Exercise prompt
Everything from the line containing "智慧手語翻譯手環讓聾啞人使用" through the line containing "Amligy Night Light, 0.5W" should be repeated exactly, and nothing else from the data.

Material supplied
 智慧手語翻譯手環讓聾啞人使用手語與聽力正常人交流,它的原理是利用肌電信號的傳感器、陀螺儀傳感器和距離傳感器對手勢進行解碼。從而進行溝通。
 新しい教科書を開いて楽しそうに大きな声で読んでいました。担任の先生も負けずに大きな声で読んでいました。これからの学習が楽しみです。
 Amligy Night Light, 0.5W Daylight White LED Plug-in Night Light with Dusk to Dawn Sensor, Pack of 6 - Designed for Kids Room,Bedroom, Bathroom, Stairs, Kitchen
==
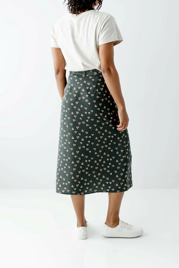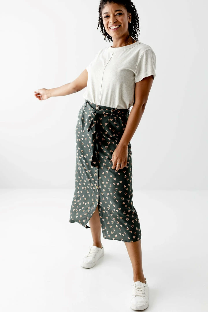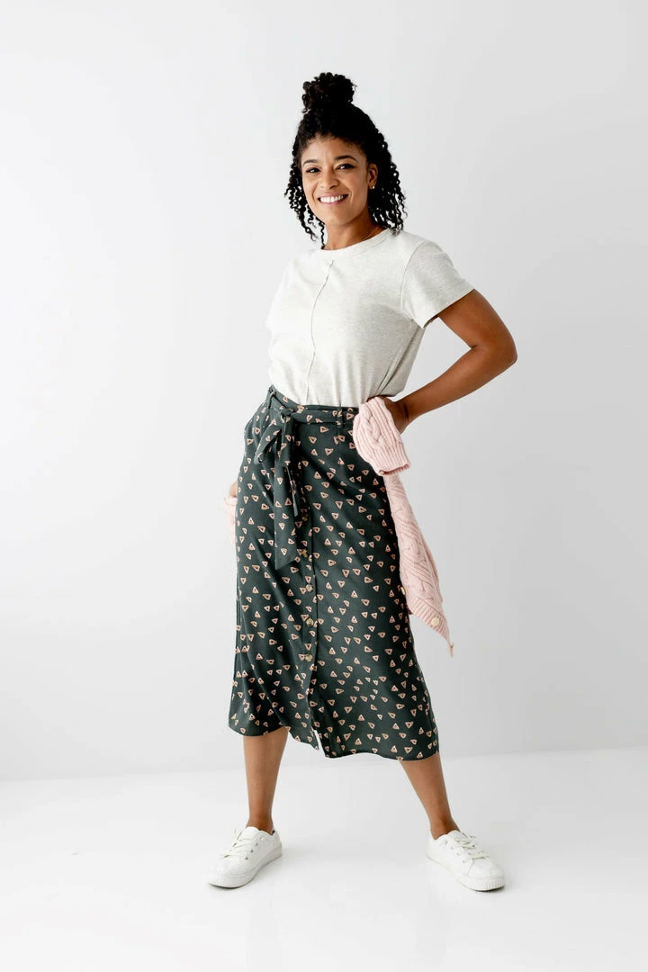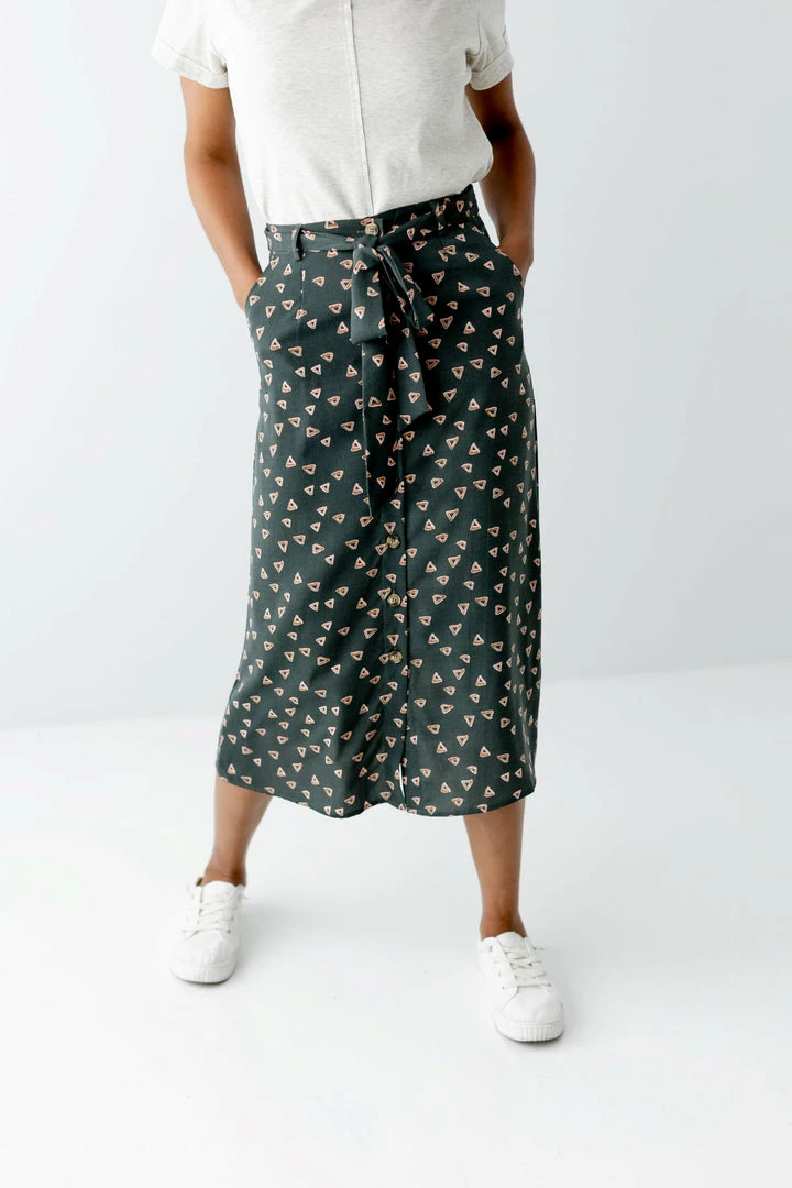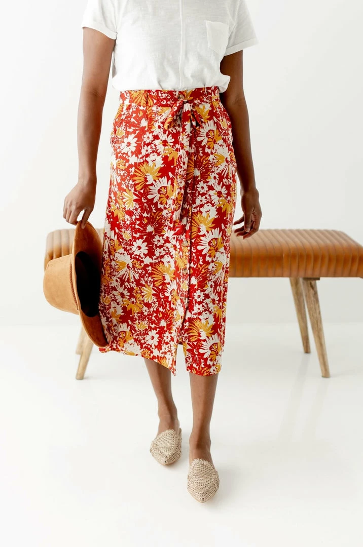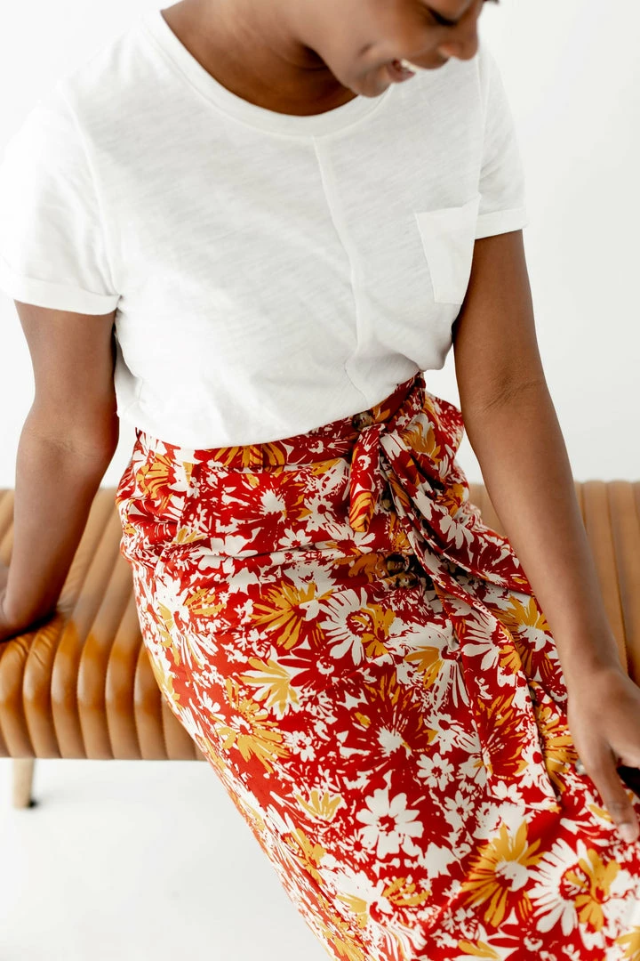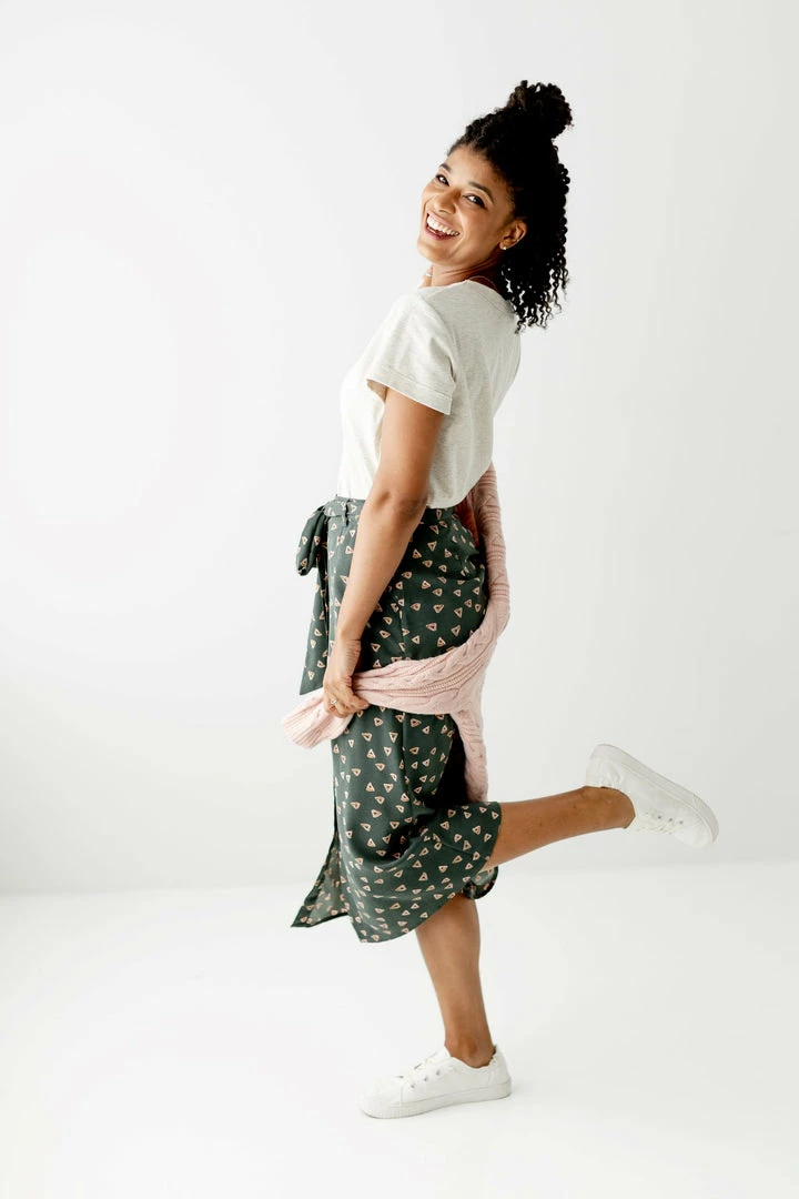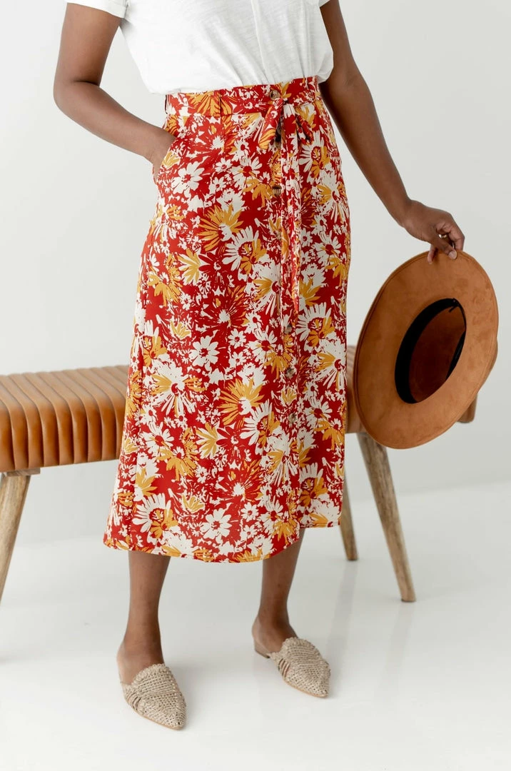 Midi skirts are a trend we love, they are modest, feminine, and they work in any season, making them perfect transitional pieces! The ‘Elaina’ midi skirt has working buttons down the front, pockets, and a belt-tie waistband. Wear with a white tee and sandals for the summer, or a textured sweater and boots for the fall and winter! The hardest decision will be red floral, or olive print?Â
==
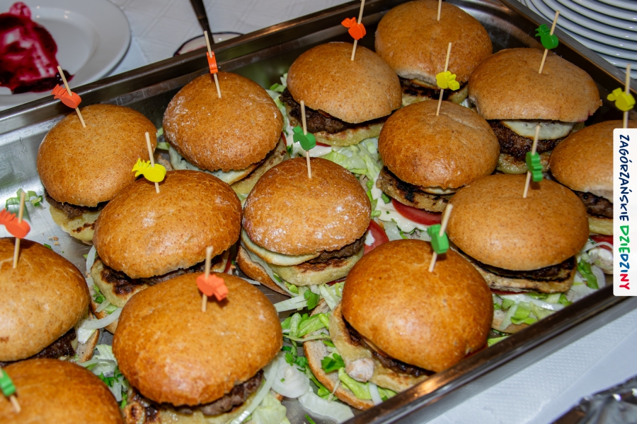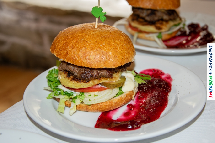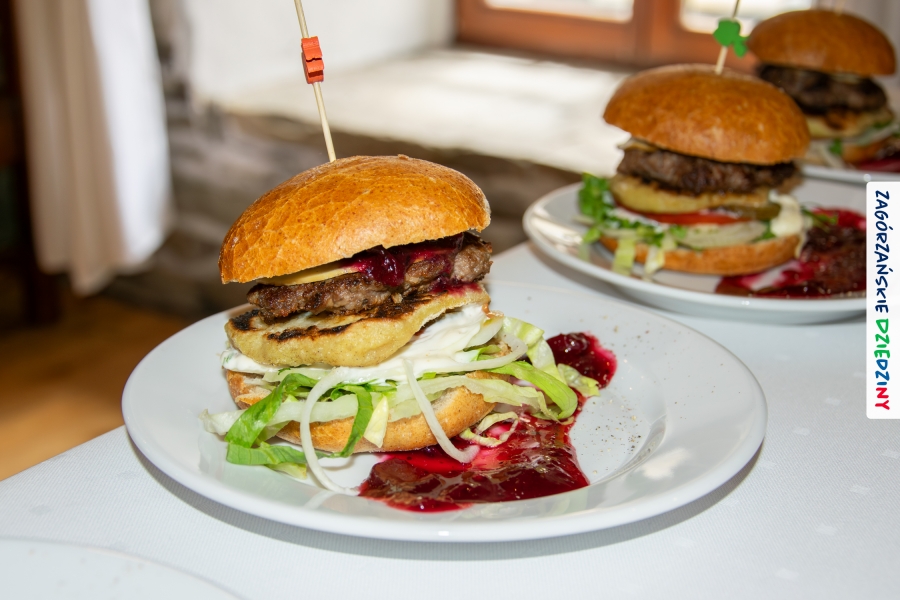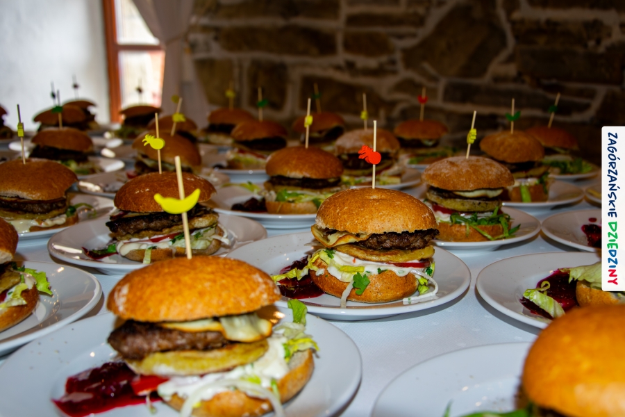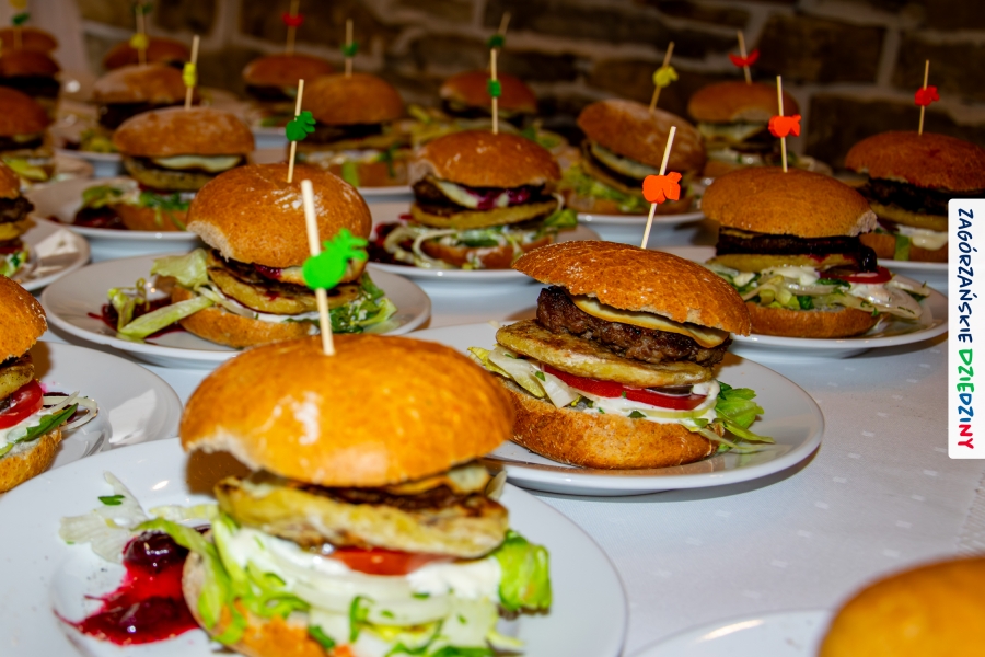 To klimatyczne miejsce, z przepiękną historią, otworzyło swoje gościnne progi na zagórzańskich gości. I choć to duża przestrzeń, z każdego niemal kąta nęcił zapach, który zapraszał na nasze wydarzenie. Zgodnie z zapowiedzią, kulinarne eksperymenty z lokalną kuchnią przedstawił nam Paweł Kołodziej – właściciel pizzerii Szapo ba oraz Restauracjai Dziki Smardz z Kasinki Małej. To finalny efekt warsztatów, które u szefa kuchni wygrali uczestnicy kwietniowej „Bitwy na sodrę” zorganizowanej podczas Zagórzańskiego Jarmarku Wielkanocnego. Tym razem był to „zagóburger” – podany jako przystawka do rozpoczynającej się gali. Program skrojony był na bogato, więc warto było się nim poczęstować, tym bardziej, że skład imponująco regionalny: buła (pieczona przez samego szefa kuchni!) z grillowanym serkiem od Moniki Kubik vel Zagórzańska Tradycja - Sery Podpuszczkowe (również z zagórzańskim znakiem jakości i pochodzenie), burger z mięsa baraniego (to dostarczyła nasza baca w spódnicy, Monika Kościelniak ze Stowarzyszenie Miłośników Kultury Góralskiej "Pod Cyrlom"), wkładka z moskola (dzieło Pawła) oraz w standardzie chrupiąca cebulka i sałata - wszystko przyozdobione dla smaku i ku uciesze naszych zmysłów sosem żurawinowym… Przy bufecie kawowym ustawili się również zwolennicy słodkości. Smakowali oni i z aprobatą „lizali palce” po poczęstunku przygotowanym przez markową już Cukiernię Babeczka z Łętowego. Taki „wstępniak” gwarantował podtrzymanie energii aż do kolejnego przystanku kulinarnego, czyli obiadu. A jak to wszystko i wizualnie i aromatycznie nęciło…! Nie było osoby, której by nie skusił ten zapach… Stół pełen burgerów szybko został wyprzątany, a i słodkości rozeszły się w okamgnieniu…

Response to the exercise
 智慧手語翻譯手環讓聾啞人使用手語與聽力正常人交流,它的原理是利用肌電信號的傳感器、陀螺儀傳感器和距離傳感器對手勢進行解碼。從而進行溝通。
 新しい教科書を開いて楽しそうに大きな声で読んでいました。担任の先生も負けずに大きな声で読んでいました。これからの学習が楽しみです。
 Amligy Night Light, 0.5W Daylight White LED Plug-in Night Light with Dusk to Dawn Sensor, Pack of 6 - Designed for Kids Room,Bedroom, Bathroom, Stairs, Kitchen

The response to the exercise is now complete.